Warming Trend
Fortunately, she had the savings to tide her over.
    Lisa, as they walked out the back corridor together, was far more concerned. “Great. No job for ten days maybe two weeks? I was just starting to get on my feet. TBE stuck me with the cell phone contract and I had to buy a car because my name wasn’t on the registration even though I paid for half.”
    Over the last ten days, Ani had heard all about the financial situation left from “The Bitch Ex.” She tried to be encouraging. “Maybe it won’t be that bad.”
    Lisa was almost in tears. “I can’t go two weeks without a paycheck, and I’m not going back to dancing. This is what I get for not having a nest egg. TBE took my nest egg!”
    “Dancing?” It was the first Ani had heard of it. Given Lisa’s graceful voluptuousness, the word exotic immediately sprang to mind.
    “Not really. More like Lap Sitting and Grinding at that dump near the airport.” Lisa ran her hands through her already wild hair. “What am I going to do?”
    “Come on,” Ani said. “Let’s go find something to eat.”
    “Nothing’s open but the after-hours clubs,” Lisa predicted.
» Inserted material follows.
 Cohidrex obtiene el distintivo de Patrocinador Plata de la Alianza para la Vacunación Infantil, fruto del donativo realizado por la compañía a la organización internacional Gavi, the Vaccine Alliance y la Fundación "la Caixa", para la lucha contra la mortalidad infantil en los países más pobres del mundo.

    She turned out to be right, so Ani offered the meager contents of her kitchen and full use of the bathtub, the offer of which vastly improved Lisa’s mood. Lisa proved herself imaginative by making thick instant coffee, adding slugs of chocolate syrup and pouring it all over tall glasses of ice. She didn’t waste any time filling the tub with cold water, stripping down and climbing in. She wasn’t exactly shy in the process.
    “Oh, stop averting your eyes.” She flicked water in Ani’s direction. “You had your chance. The least you could do is leer a little. I need an ego boost.” She leaned back in the tub, eyes closed as she sipped her iced coffee.
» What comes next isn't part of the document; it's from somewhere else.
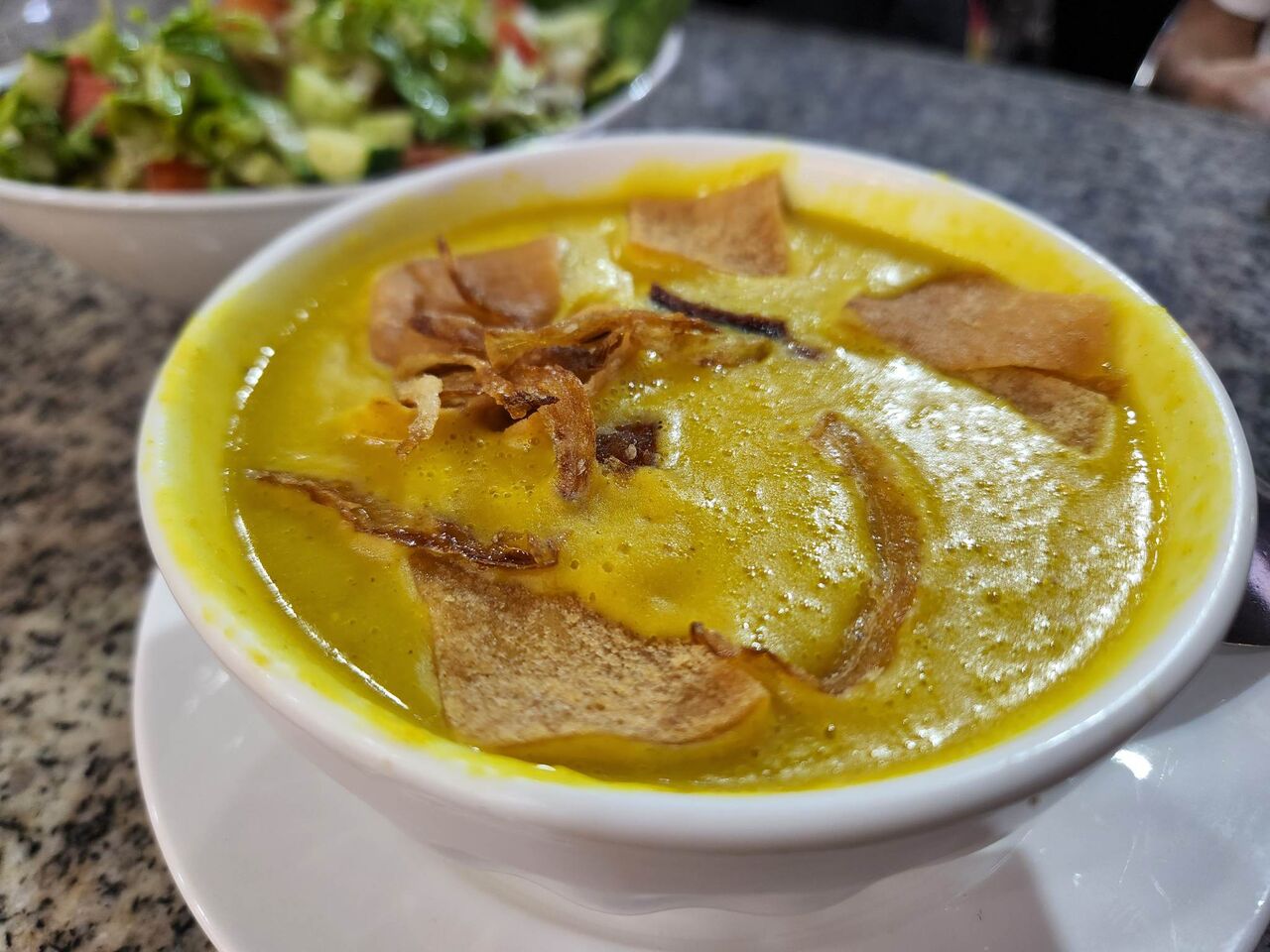 「あのさ、コレ、切り方がデカ過ぎないか?」と。通常このサラダは、7mm角的な大きさで出てくるのですが、明らかに1.3cmぐらいはある。そしてスプーンですくって皿によそってみました。……味がない……。しかも妙なインド風のスパイスの味がする。塩と胡椒と酢がまったく効いていない。卓上の塩をかけたら若干味は改善したものの、胡椒をかけたら怪しいインドスパイスと相まってさらにマズくなる。この段階で我々は「この店、相当ヤバいのでは……」という疑惑を持ち始めますが、しかし店の人に敬意を表したいのとせっかく来たのだからなんとかいいところを見つけようとします。

    Ani sat on the commode and had to admit that nothing was wrong with Lisa’s body, and a great deal was right. Yet she couldn’t even conjure up a fantasy. Still, there was nothing wrong with flattery. “Okay, I’m leering.”
    Lisa opened one eye. “You are not.”
    “I’m trying.” If she had a tail, she’d have wagged it for emphasis.
    “You are frigid , aren’t you?”
    “I’ve been trying to tell you that.”
    “How come you’re not freaked about no work for two weeks?”
    “I have something put away for a rainy day. I’m Russian on both sides. We believe that life is meant to be a worst-case scenario, and we plan accordingly.” Given her simple life, she lived off her cash tips and banked her paychecks. She sipped the iced concoction, then went to find some coffee liqueur. After doctoring both their glasses, she settled back on her perch and contemplated the next two weeks. She’d only known Lisa a short while, and it wasn’t saying much for her social skills that Lisa was currently her best friend. She had liked it that way, she reminded herself, prided herself on it, in fact. “I could loan you some money.”
    “That’s sweet, but then I’d just owe you money. I’m trying to get out of debt, not deeper in it.”
    “Better me than the telephone company.”
    Lisa sighed. “Thank you. I don’t mean to sound ungracious. It’s just that I thought I’d hit an easy patch for once. Here I was working with a bartender who put out great drinks faster than a speeding bullet, and scooping up all the tips I could handle without getting handled.” She opened her eyes and leaned out of the tub to put her glass on the floor.
    “Leer,” Ani said, legs crossed in front of her. “Boobages, backside leer.”
    “Oh. Stop. I’m blushing. You’re too kind.” Lisa gave her the patented drop dead glare as she rested her chin on the side of the tub. “What’s that?”
    Too late, Ani saw the folded page of the Fairbanks Gazette where she’d last left it, on the short stack of clean towels. “Nothing.”
    Lisa moved faster than she did. “I knew it! It’s that photo you said you didn’t know that professor.”